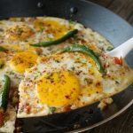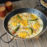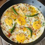 -Ek,ek ker ka anday shamil karein,lal mirch crushed aur hari mirchein dal ker dhak dein aur halki ancch per 6-8 minutes kliya paka lein.
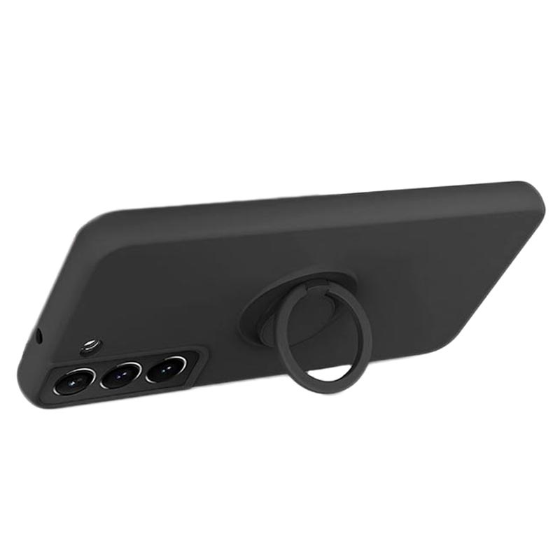 Capa de Silicone Líquido com Suporte de Anel para Samsung Galaxy S22 5G - Preto
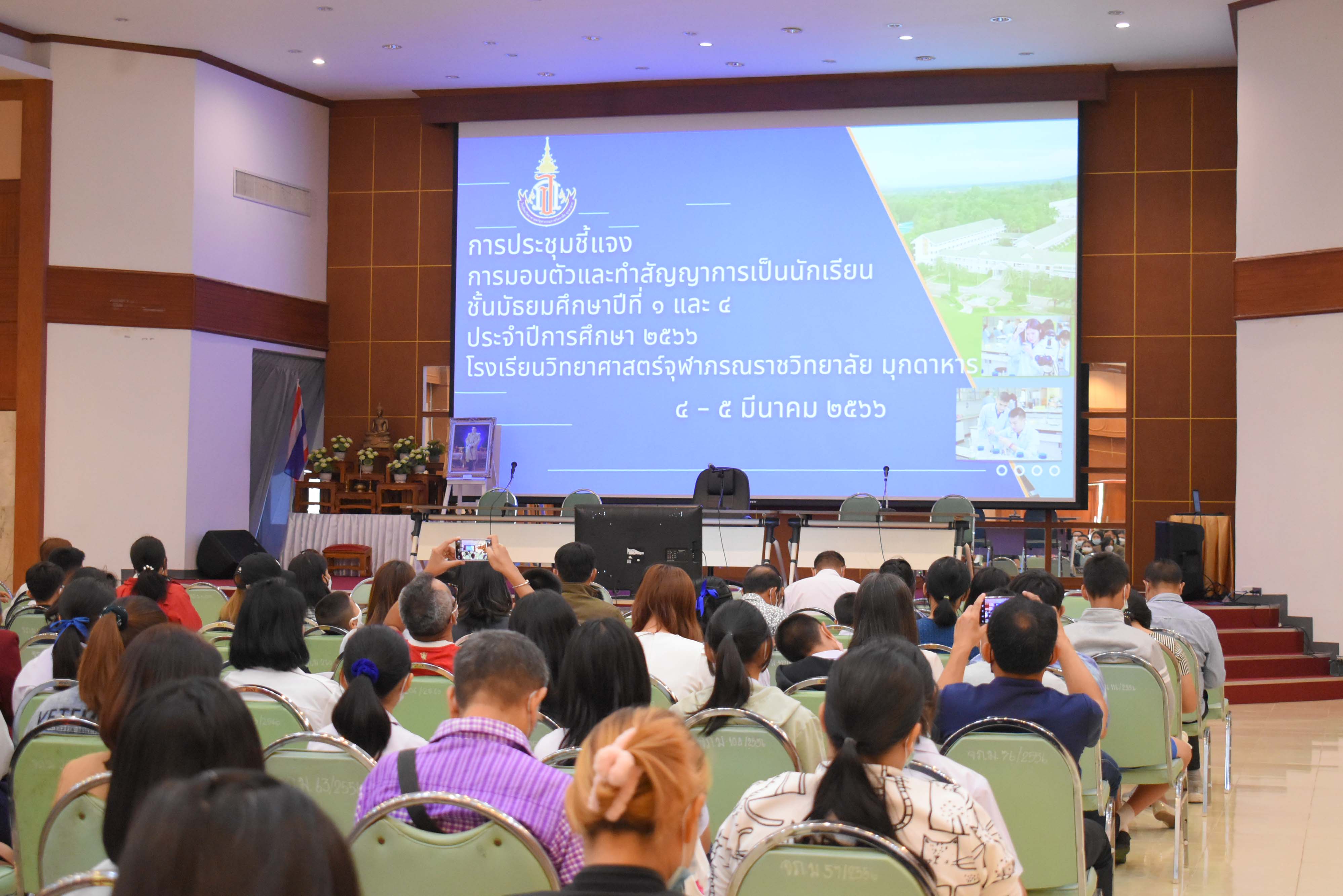 บรรยากาศการรายงานตัวเข้าเรียนชั้น ม.1 และ ม.4 โรงเรียนวิทยาศาสตร์จุฬาภรณราชวิทยาลัย มุกดาหาร ปีการศึกษา 2566
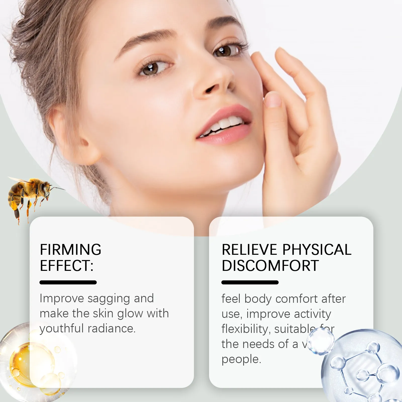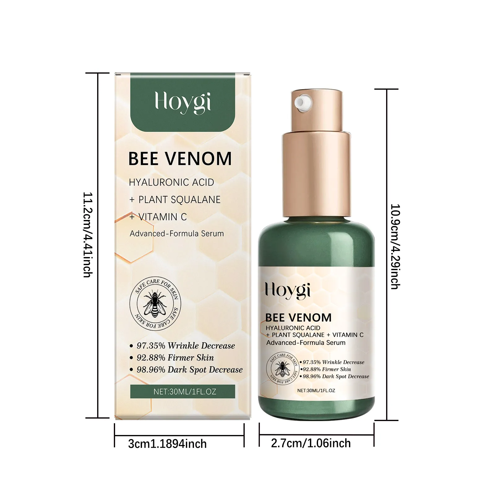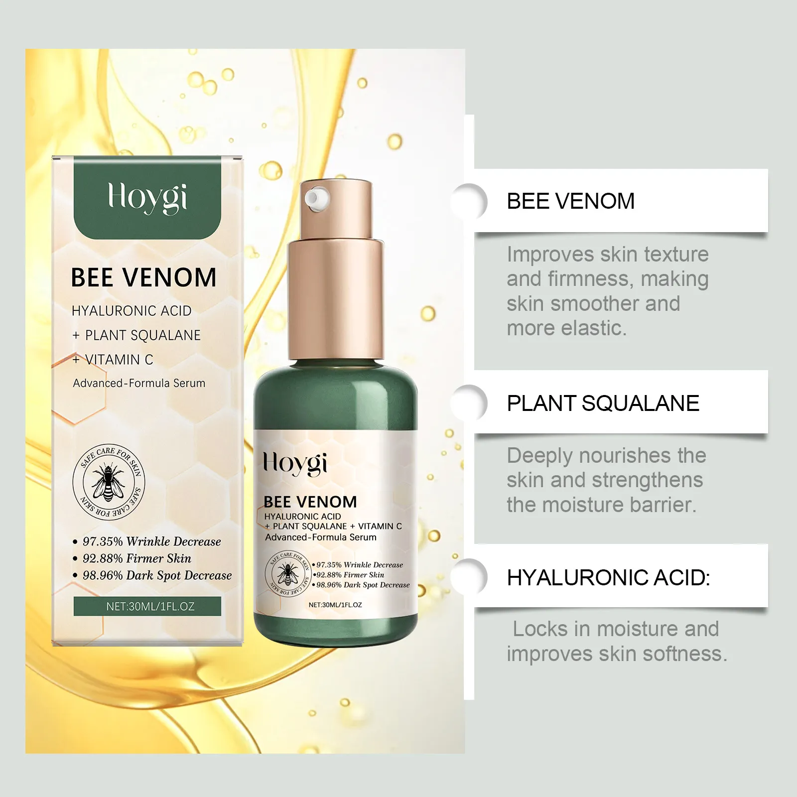 Ingredients: Water, glycerol, Hydroxyethyl Cellulose, bee venom, squalane, hyaluronic acid, vitamin C (ascorbic acid)
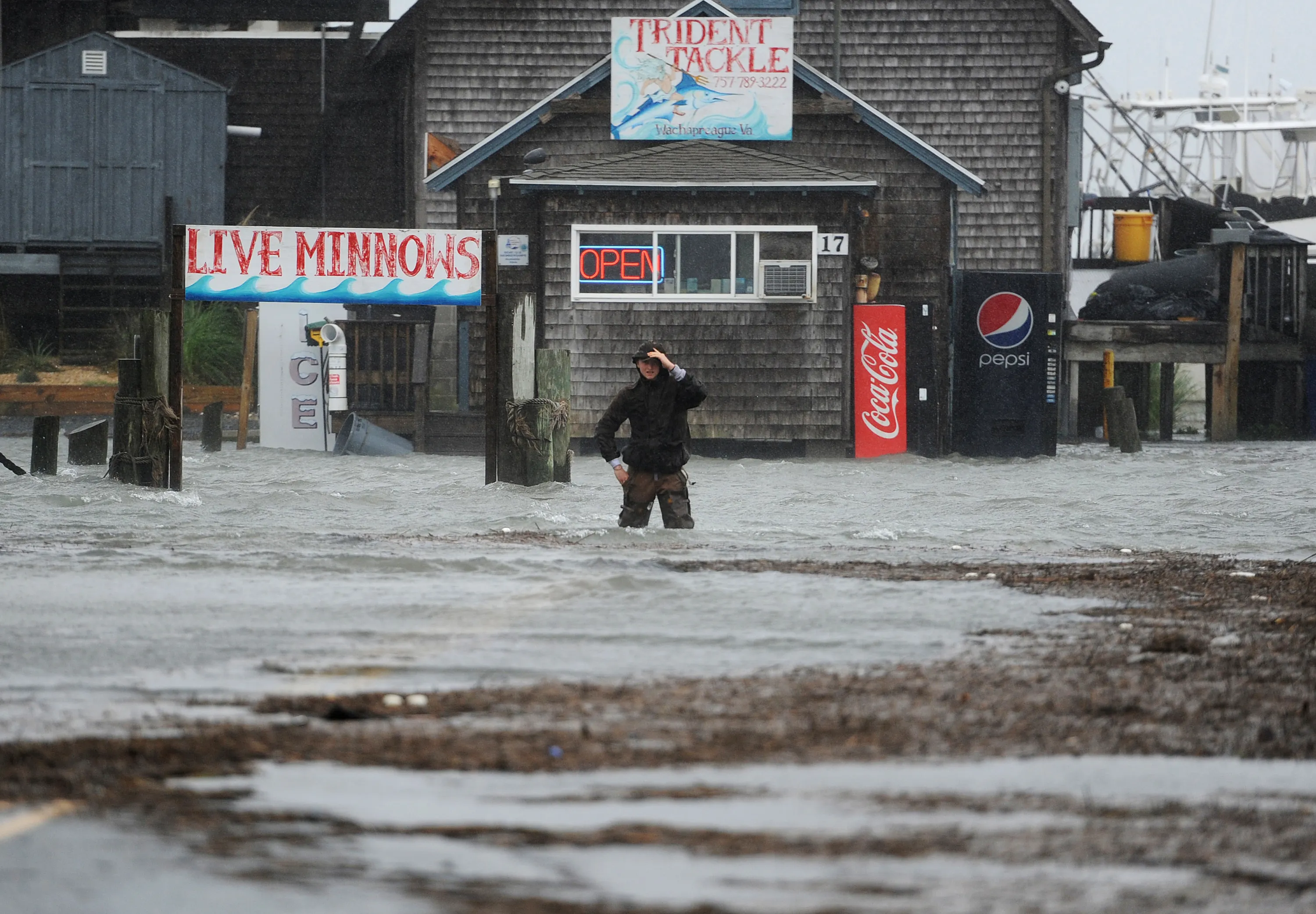 Quinn Hurt looks across Atlantic Avenue as he attempts to cross the flooded street in Wachapreague, Va., Friday, October 2, 2015. A storm system brought heavy rain and wind into the region as well as major coastal flooding. (Photo by Jay Diem/The Daily Times via AP Photo)
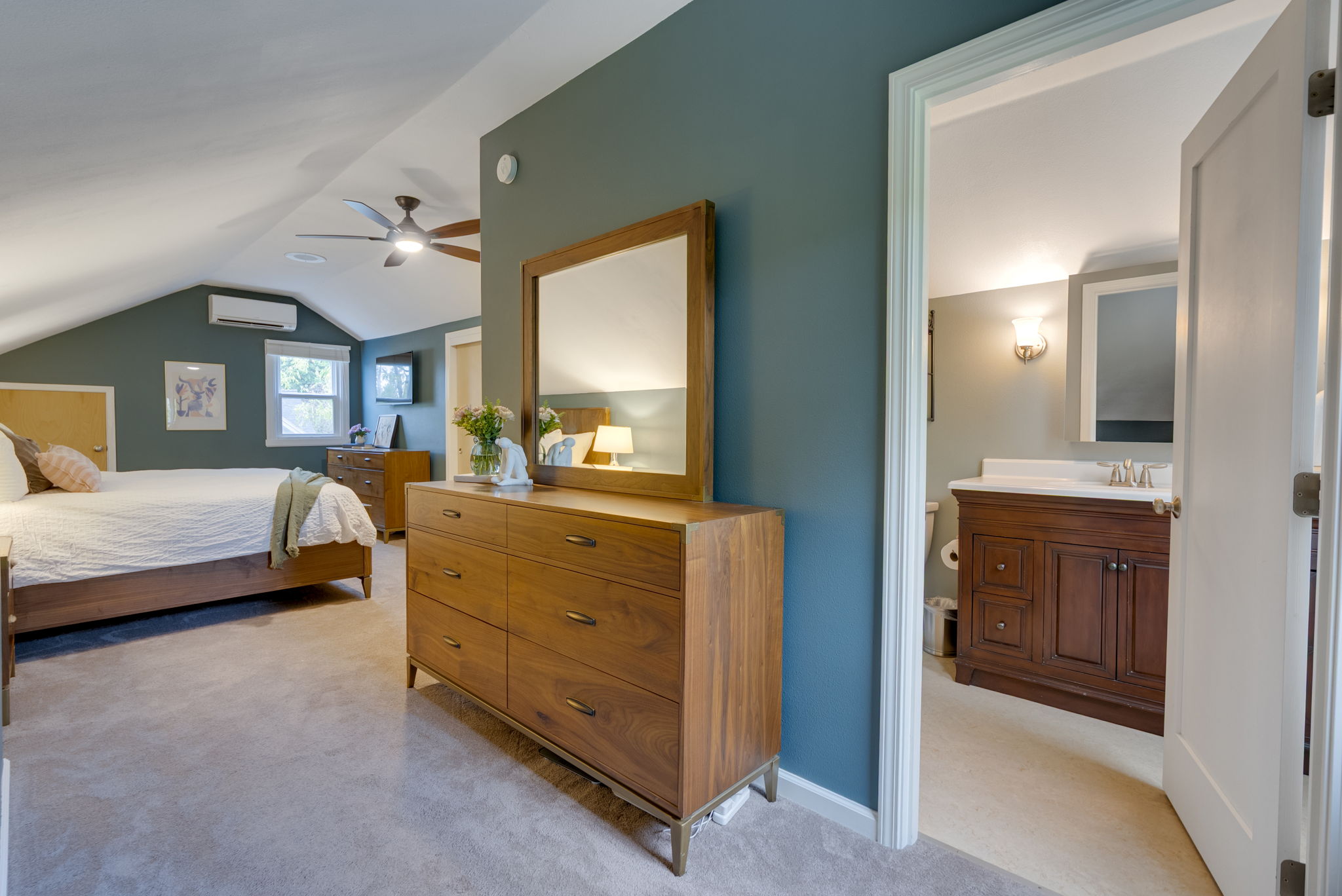 Major updates included are: full kitchen remodel with new appliances in 2023, high-efficient Mitsubishi HVAC system in 2024, new windows in 2020, wall and ceiling insulation, new siding and exterior paint in 2020, plus sewer line in 2017, new water piping in 2019, new hot water tank in 2019, and new deck in 2022.On the main level, you will find hardwood flooring, a spacious living room with large windows, a fireplace, two bedrooms, one of which has a sliding glass door leading to the backyard deck, and an updated eat-in kitchen. The lower level includes a cozy family room with a modern gas fireplace and a laundry/utility room. The upper floor features the primary bedroom suite with ample storage, a mini-split HVAC system, and an on-suite bathroom with a shower. The fenced backyard includes a one-car garage, a large patio area, and a deck made of Trex. The front yard features low-maintenance landscaping, EV charger and is located just blocks from excellent restaurants with a walking score of 80.
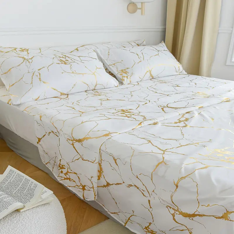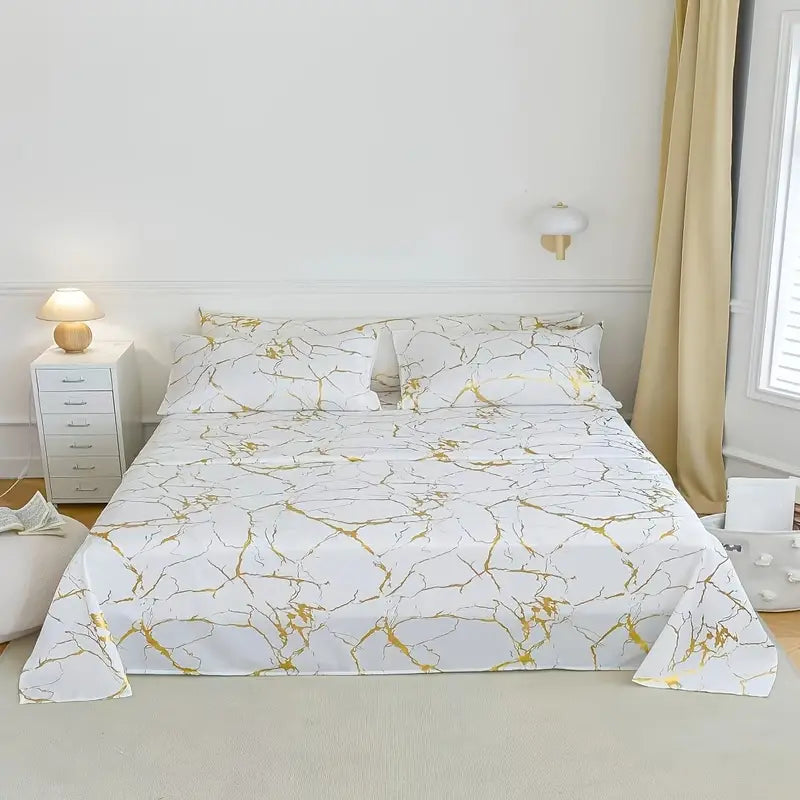 Transform your bedroom into a tranquil retreat with our beautiful Marble Pattern Bedding set. This exquisite three-piece collection includes a fitted sheet, a flat sheet, and one or two pillowcases, all designed to bring a touch of elegance to your sleep space.
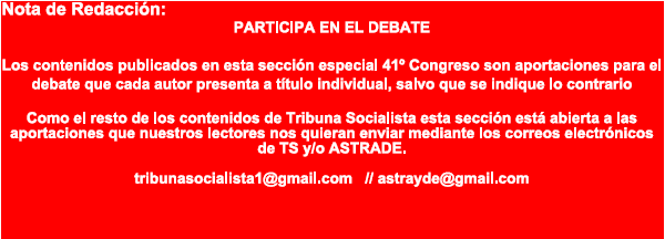 Abrimos en este número de Tribuna Socialista una sección especial congreso del PSOE que se mantendrá activa hasta su celebración. Una sección en la que los socios y socias de ASTRADE así como los lectores de TRIBUNA SOCIALISTA podrán publicar aquellos contenidos de relevancia para mejorar los derechos y libertades de la clase trabajadora de este país
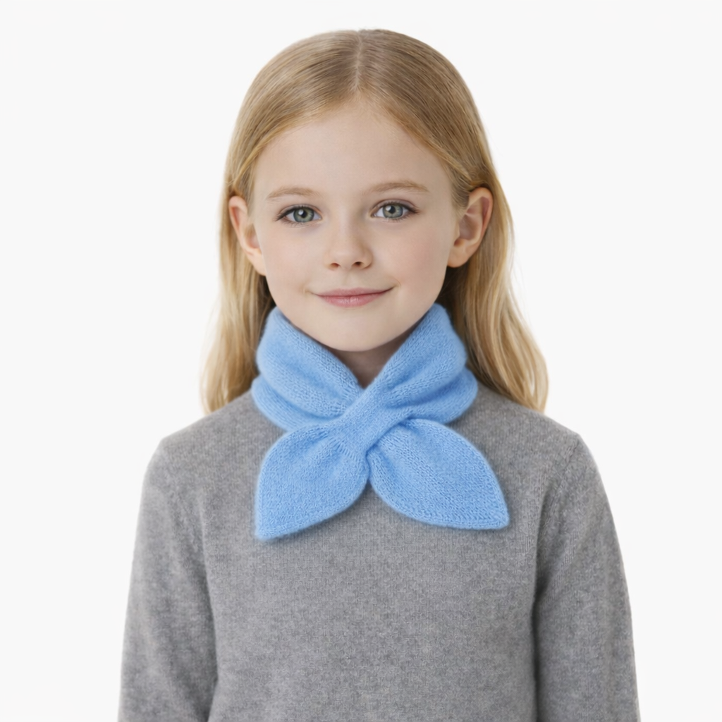 Ši vaikiška puošni kašmyro kaklaskarė saugo nuo vėjo ir šalčio, išlaikydama estetišką ir tvarkingą išvaizdą. Subtili peteliškės forma suteikia stilingą akcentą ir lengvai dera prie paltukų, striukių ar megztinių. Puikus pasirinkimas šventėms, kasdienai ar ypatingoms progoms.
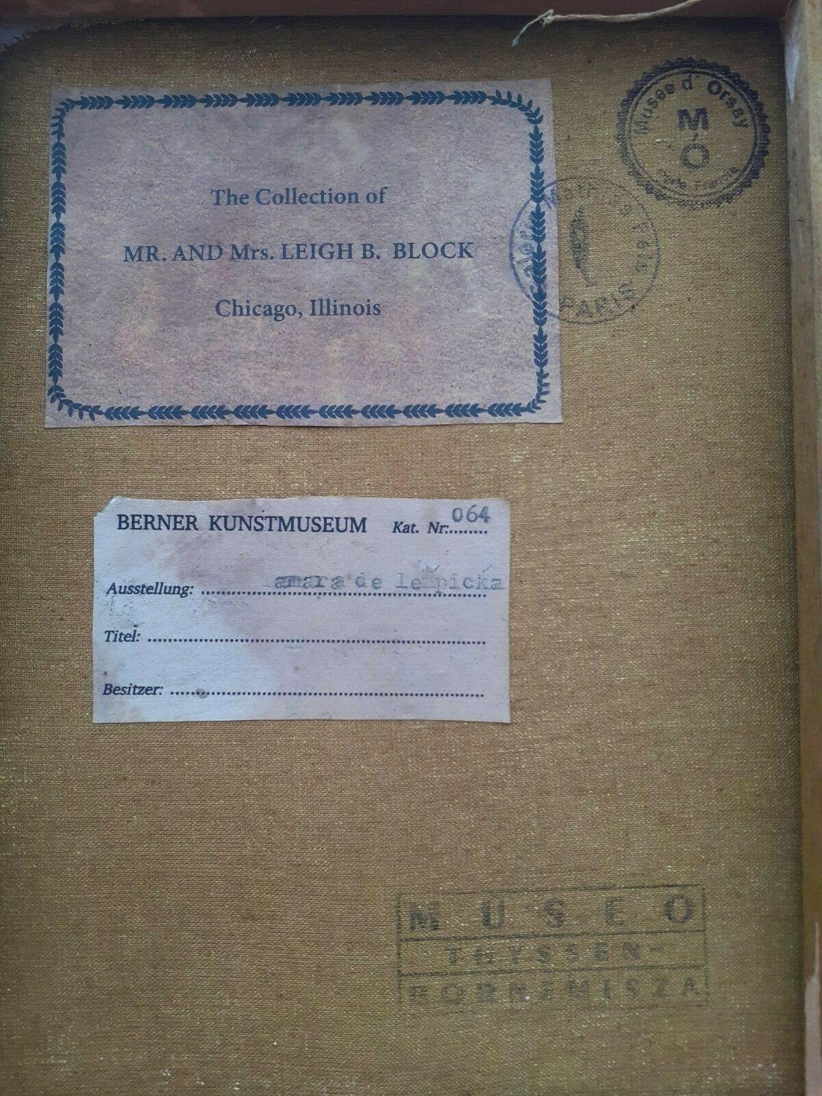 Jedna nalepka jest z Muzeum w Bernie, jest stempel z Muzeum d’Orsay, są również dwa inne stemple w tym jeden nałożony na nalepkę bardzo znanej Kolekcji Blochów z Chicago. Ta kolekcja istnieje do dzisiaj, można pojechać tam, umówić się i obejrzeć ponad 5 tysiące prac malarskich. Nie słyszałem by prace by z tej kolekcji były sprzedawane ale to nie znaczy, że nie były. Słowem, wysłałem zapytanie do kuratorów tego muzeum i czekam na ich odpowiedź, aby potwierdzili fakt posiadania tej pracy kiedyś w kolekcji. Napiszę osobno jaka była odpowiedź, choć spodziewam się, że tej pracy nigdy tam nie było. Zadziwiającym jest, aby taka średnia praca była wystawiana z fanfarmi aż w tylu muzeach. Wydaje mi się, że ktoś przedobrzył z tymi nalepkami i stemplami. Jeden stempel mógłby wystarczyć i w dodatku powinien być średnio wyraźny by fałszerstwo wyglądało dobrze. Pięć certyfikatów uwierzytelniających, wysyp jak z rogu obfitości, powinno wzbudzić podejrzenia. Podobnie było ostatnio z Wyspiańskim, choć w tamtym przypadku była to wielka amatorszczyzna. Ciekawe case study.
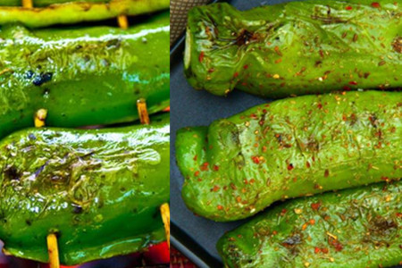 因为炭火温度比较高,所以我们需要在辣椒外层涂一层油,放在支架上烤,辣椒皮很快就会变黑,所以需要不停的转动,等到外皮起褶皱,里面的肉馅也熟了就可以吃了。烤软的辣椒,辣度也会降低很多。

* REQUIREMENT
Reproduce every line of the material above, but drop the pictures.

* EXERCISE ANSWER
 -Ek,ek ker ka anday shamil karein,lal mirch crushed aur hari mirchein dal ker dhak dein aur halki ancch per 6-8 minutes kliya paka lein.
 Capa de Silicone Líquido com Suporte de Anel para Samsung Galaxy S22 5G - Preto
 บรรยากาศการรายงานตัวเข้าเรียนชั้น ม.1 และ ม.4 โรงเรียนวิทยาศาสตร์จุฬาภรณราชวิทยาลัย มุกดาหาร ปีการศึกษา 2566
 Ingredients: Water, glycerol, Hydroxyethyl Cellulose, bee venom, squalane, hyaluronic acid, vitamin C (ascorbic acid)
 Quinn Hurt looks across Atlantic Avenue as he attempts to cross the flooded street in Wachapreague, Va., Friday, October 2, 2015. A storm system brought heavy rain and wind into the region as well as major coastal flooding. (Photo by Jay Diem/The Daily Times via AP Photo)
 Major updates included are: full kitchen remodel with new appliances in 2023, high-efficient Mitsubishi HVAC system in 2024, new windows in 2020, wall and ceiling insulation, new siding and exterior paint in 2020, plus sewer line in 2017, new water piping in 2019, new hot water tank in 2019, and new deck in 2022.On the main level, you will find hardwood flooring, a spacious living room with large windows, a fireplace, two bedrooms, one of which has a sliding glass door leading to the backyard deck, and an updated eat-in kitchen. The lower level includes a cozy family room with a modern gas fireplace and a laundry/utility room. The upper floor features the primary bedroom suite with ample storage, a mini-split HVAC system, and an on-suite bathroom with a shower. The fenced backyard includes a one-car garage, a large patio area, and a deck made of Trex. The front yard features low-maintenance landscaping, EV charger and is located just blocks from excellent restaurants with a walking score of 80.
 Transform your bedroom into a tranquil retreat with our beautiful Marble Pattern Bedding set. This exquisite three-piece collection includes a fitted sheet, a flat sheet, and one or two pillowcases, all designed to bring a touch of elegance to your sleep space.
 Abrimos en este número de Tribuna Socialista una sección especial congreso del PSOE que se mantendrá activa hasta su celebración. Una sección en la que los socios y socias de ASTRADE así como los lectores de TRIBUNA SOCIALISTA podrán publicar aquellos contenidos de relevancia para mejorar los derechos y libertades de la clase trabajadora de este país
 Ši vaikiška puošni kašmyro kaklaskarė saugo nuo vėjo ir šalčio, išlaikydama estetišką ir tvarkingą išvaizdą. Subtili peteliškės forma suteikia stilingą akcentą ir lengvai dera prie paltukų, striukių ar megztinių. Puikus pasirinkimas šventėms, kasdienai ar ypatingoms progoms.
 Jedna nalepka jest z Muzeum w Bernie, jest stempel z Muzeum d’Orsay, są również dwa inne stemple w tym jeden nałożony na nalepkę bardzo znanej Kolekcji Blochów z Chicago. Ta kolekcja istnieje do dzisiaj, można pojechać tam, umówić się i obejrzeć ponad 5 tysiące prac malarskich. Nie słyszałem by prace by z tej kolekcji były sprzedawane ale to nie znaczy, że nie były. Słowem, wysłałem zapytanie do kuratorów tego muzeum i czekam na ich odpowiedź, aby potwierdzili fakt posiadania tej pracy kiedyś w kolekcji. Napiszę osobno jaka była odpowiedź, choć spodziewam się, że tej pracy nigdy tam nie było. Zadziwiającym jest, aby taka średnia praca była wystawiana z fanfarmi aż w tylu muzeach. Wydaje mi się, że ktoś przedobrzył z tymi nalepkami i stemplami. Jeden stempel mógłby wystarczyć i w dodatku powinien być średnio wyraźny by fałszerstwo wyglądało dobrze. Pięć certyfikatów uwierzytelniających, wysyp jak z rogu obfitości, powinno wzbudzić podejrzenia. Podobnie było ostatnio z Wyspiańskim, choć w tamtym przypadku była to wielka amatorszczyzna. Ciekawe case study.
 因为炭火温度比较高,所以我们需要在辣椒外层涂一层油,放在支架上烤,辣椒皮很快就会变黑,所以需要不停的转动,等到外皮起褶皱,里面的肉馅也熟了就可以吃了。烤软的辣椒,辣度也会降低很多。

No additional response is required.